The new hike and bike trail going in along Brushy Fork just south of campus is coming along so nicely.  The rock-bottom creek provides a peaceful atmosphere with its scenic and pleasant sounds and creates a sort of oasis of tranquility right by town.  This trail follows the historically significant Boone’s Trace and is a great example of Berea College and the City of Berea working together to accomplish something meaningful and useful to area residents as well as visitors.  

Growing up at near the terminus of the Cumberland Road; otherwise known as the Old National Road, at Vandalia, Illinois, I have always been interested in the nation’s historic westward expansion and subsequent cultural implications.  It was the completion of the National Road around 1840 which lead to the abandonment of the Wilderness Road (which followed the same route as the Boone Trace through Kentucky) and replaced it as the major east-to-west route in America.   

I became especially interested in the Boone Trace and Wilderness Road as realized I was following it back and forth to visit my now wife, Christine.  It turned out, not only did it lead straight to where she lived, but even continued into North Carolina and passed her brother’s home near Boone where we often visited.
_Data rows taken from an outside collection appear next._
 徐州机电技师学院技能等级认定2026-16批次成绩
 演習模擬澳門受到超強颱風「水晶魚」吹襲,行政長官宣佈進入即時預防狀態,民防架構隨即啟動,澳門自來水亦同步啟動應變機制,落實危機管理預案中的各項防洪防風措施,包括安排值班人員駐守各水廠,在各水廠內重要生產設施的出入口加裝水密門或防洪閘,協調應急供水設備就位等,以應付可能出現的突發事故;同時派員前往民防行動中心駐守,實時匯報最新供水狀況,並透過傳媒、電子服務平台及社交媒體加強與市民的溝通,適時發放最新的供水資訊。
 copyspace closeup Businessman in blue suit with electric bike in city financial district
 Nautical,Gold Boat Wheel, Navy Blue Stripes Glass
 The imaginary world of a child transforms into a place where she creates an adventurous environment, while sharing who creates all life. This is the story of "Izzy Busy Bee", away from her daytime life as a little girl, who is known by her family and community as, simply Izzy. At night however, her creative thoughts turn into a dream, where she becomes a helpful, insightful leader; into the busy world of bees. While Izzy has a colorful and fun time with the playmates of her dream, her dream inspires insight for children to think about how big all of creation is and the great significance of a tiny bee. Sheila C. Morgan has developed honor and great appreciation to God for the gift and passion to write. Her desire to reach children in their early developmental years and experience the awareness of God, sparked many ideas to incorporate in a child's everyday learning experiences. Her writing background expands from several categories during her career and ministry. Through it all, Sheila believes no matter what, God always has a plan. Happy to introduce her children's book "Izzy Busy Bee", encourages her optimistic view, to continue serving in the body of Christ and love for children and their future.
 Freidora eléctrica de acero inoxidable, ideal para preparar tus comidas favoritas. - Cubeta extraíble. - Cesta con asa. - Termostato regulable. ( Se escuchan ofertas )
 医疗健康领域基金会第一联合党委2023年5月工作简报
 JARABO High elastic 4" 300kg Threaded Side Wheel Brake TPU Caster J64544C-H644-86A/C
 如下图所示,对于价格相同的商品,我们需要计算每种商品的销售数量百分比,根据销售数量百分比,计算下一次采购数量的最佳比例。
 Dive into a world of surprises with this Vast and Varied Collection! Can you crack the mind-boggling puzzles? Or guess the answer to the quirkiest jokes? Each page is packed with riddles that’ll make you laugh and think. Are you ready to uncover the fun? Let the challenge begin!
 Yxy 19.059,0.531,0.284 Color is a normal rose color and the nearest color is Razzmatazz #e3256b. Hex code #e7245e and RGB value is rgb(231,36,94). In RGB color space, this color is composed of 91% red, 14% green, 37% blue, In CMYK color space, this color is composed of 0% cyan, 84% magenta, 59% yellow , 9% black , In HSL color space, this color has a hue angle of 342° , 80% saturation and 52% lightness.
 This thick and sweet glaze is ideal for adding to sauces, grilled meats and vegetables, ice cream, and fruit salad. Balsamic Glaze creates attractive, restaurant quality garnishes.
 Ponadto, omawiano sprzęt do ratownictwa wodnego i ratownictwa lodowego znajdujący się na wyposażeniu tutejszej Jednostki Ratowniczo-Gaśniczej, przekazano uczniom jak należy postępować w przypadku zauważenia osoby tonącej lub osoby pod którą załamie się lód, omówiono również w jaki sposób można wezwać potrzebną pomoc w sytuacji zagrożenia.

We learned that the man who hiked the entire length of the trail a few years ago to document the route, was named Curtis Penix…same surname as Christine’s step-dad. Noticing the historical markers along the way, I discovered that they were placed by a woman named Lucy Patterson…a founder of the Daughters of American Revolution North Carolina Chapter, from Salem, NC.  
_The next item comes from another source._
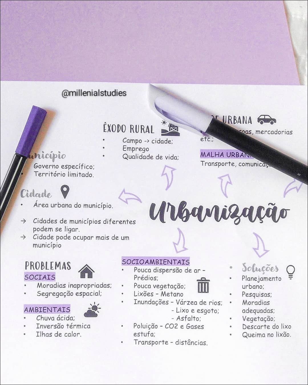 Compilação com os melhores mapas mentais, conceituais, infográficos, diagramas e resumos sobre geografia urbana.
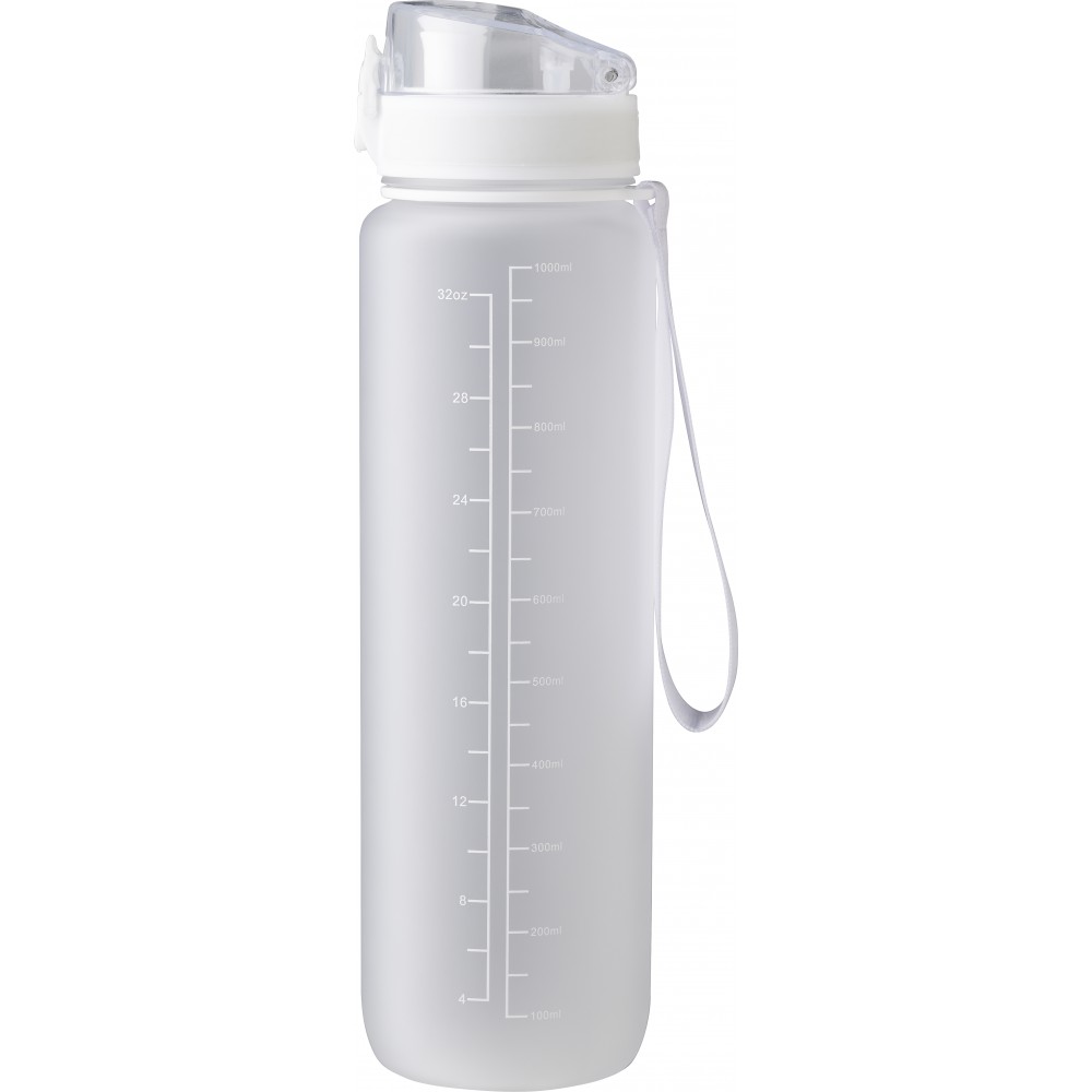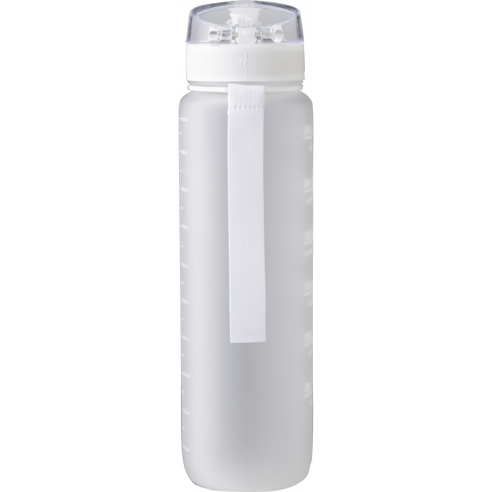 Műanyag motivációs palack szivárgásmentes kupakkal, csuklópánttal, matt bevonattal. Oldalán beosztással. Űrtartalom: 1 liter. Emblémázás: Körszita, Tamponnyomás, UV nyomtatás

Really, her name was Patterson?! From Salem, NC, where Boone had lived in his youth? I was familiar with the Moravian settlement of Salem, as the small town of West Salem, IL is where a portion of these settlers relocated due to their opposition of slavery in North Carolina.  Some of my own relatives…Pattersons, Fruits and Storms…had migrated through the Cumberland Gap and settled along the trail near London.  One of them, a circuit-riding preacher, relocated to Illinois and founded a church…hence that branch ending up in Illinois.  Another, George Fruits, had fought alongside Daniel Boone soon after he had settled in Kentucky.
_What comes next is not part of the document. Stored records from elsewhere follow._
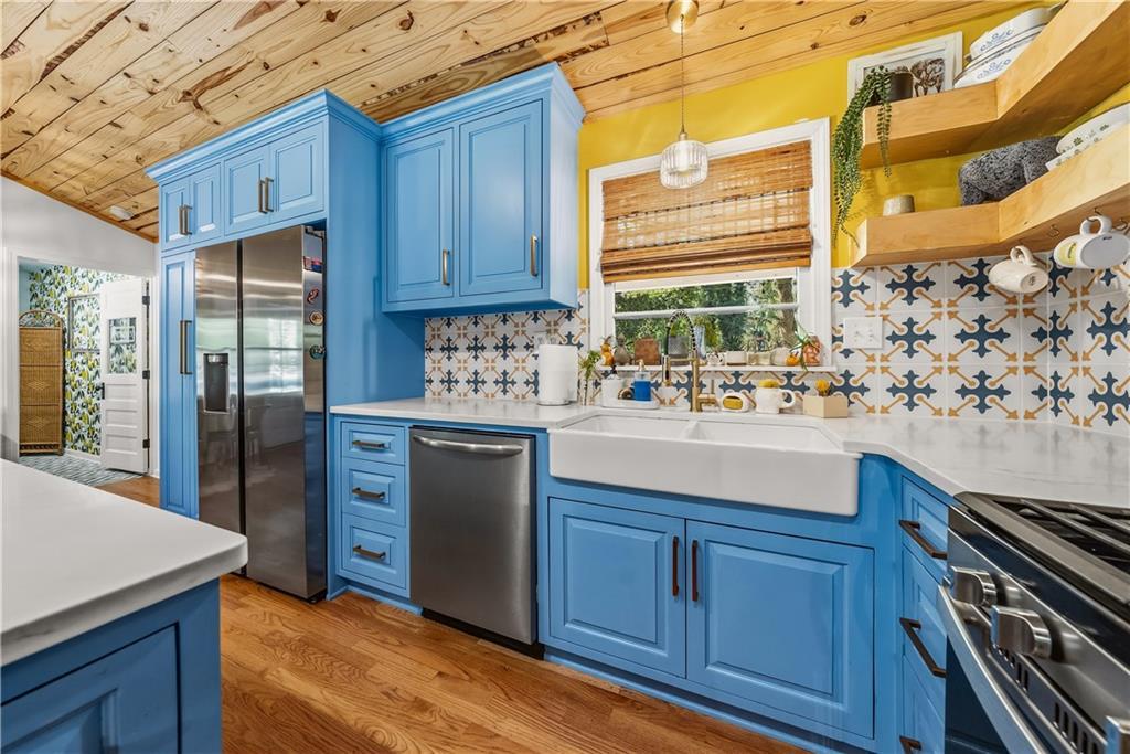Description: Welcome to your peaceful escape, where the calm feels almost magical the moment you walk through the door. This beautifully renovated home blends timeless character with modern updates you won’t find in new construction. Step into a gourmet kitchen designed to impress, featuring quartz countertops, custom cabinetry, updated appliances with a gas stove, a wall-mounted pot filler, and a built-in wine fridge all flowing seamlessly into an open-concept living space perfect for everyday comfort and entertaining. The secondary bedroom offers a versatile Murphy bed with a built-in desk and shelving, ideal for a home office or guest retreat. Major upgrades include a metal roof, new HVAC, updated plumbing and electrical, plus all-new doors, lighting, and finishes throughout, giving you peace of mind for years to come. Open the charming Dutch back door and step onto a spacious 20x24 deck thoughtfully built around mature trees, creating a one-of-a-kind outdoor retreat with natural shade and privacy. Complete with a shed and greenhouse, this space is perfect for relaxing or hosting. Don’t wait, homes with character like this don’t come along often.
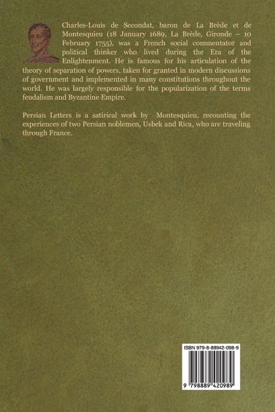 Persian Letters is a satirical work by Charles de Secondat, baron de Montesquieu, recounting the experiences of two Persian noblemen, Usbek and Rica, who are traveling through France. In 1711 Usbek leaves his seraglio in Isfahan to undertake the long journey to France, accompanied by his young friend Rica. He leaves behind five wives (Zachi, Zéphis, Fatmé, Zélis, and Roxane) in the care of a number of black eunuchs, one of whom is the head or first eunuch. During the trip and their long stay in Paris (1712-1720), they comment, in letters exchanged with friends and mullahs, on numerous aspects of Western, Christian society, particularly French politics and mores, ending with a biting satire of the System of John Law. Over time, various disorders surface back in the seraglio, and beginning in 1717 (Letter 139 [147]), the situation there rapidly unravels. Usbek orders his head eunuch to crack down, but his message does not arrive in time and a revolt brings about the death of his wives, including the vengeful suicide of his favorite, Roxane, and, it appears, most of the eunuchs... About the author: Charles-Louis de Secondat, baron de La Brède et de Montesquieu (18 January 1689, La Brède, Gironde - 10 February 1755), was a French social commentator and political thinker who lived during the Era of the Enlightenment. He is famous for his articulation of the theory of separation of powers, taken for granted in modern discussions of government and implemented in many constitutions throughout the world. He was largely responsible for the popularization of the terms feudalism and Byzantine Empire. Persian Letters is a satirical work by Montesquieu, recounting the experiences of two Persian noblemen, Usbek and Rica, who are traveling through France.
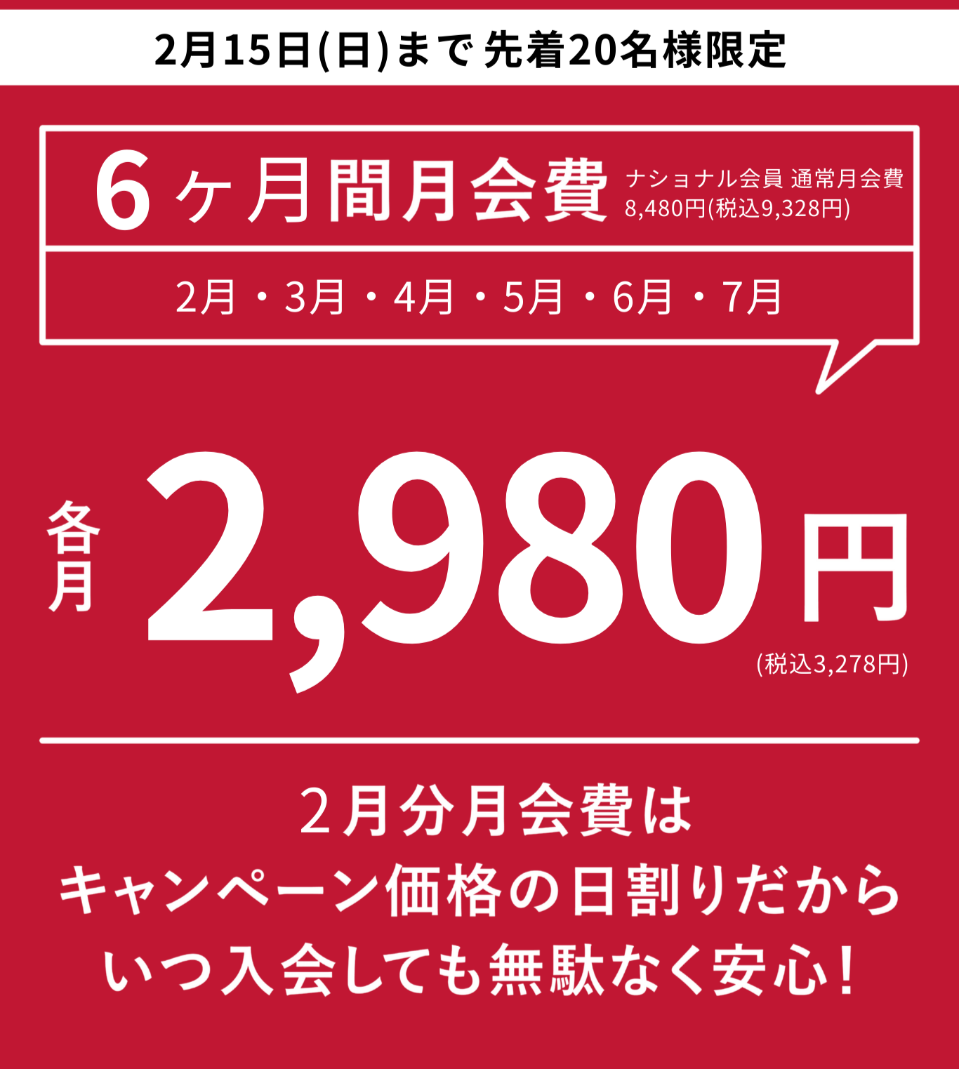 ◆6ヶ月間(2月・3月・4月・5月・6月・7月)各月2,980円(税込3,278円)!!(通常月額9,328円税込)

It is no wonder that many coincidences in surnames, shared histories and genealogies, would accompany Boone’s Trace, as it is estimated at around 47 million Americans’ heritage is linked to this historic trail as so many who settled the interior of America travelled this route.  Walking along Brushy Fork and listening to the flow of the stream over the rocky bottom of the creek reminds us of the flow of time.  We are only here for a while, but we leave behind a trace…an impact…upon the land, the communities we inhabit and the people we meet. I imagine that many folks visiting Berea may have connections to this place too.  Now, while visiting Berea, folks can walk the path many of their ancestors did…settlers and Native Americans…and reminisce.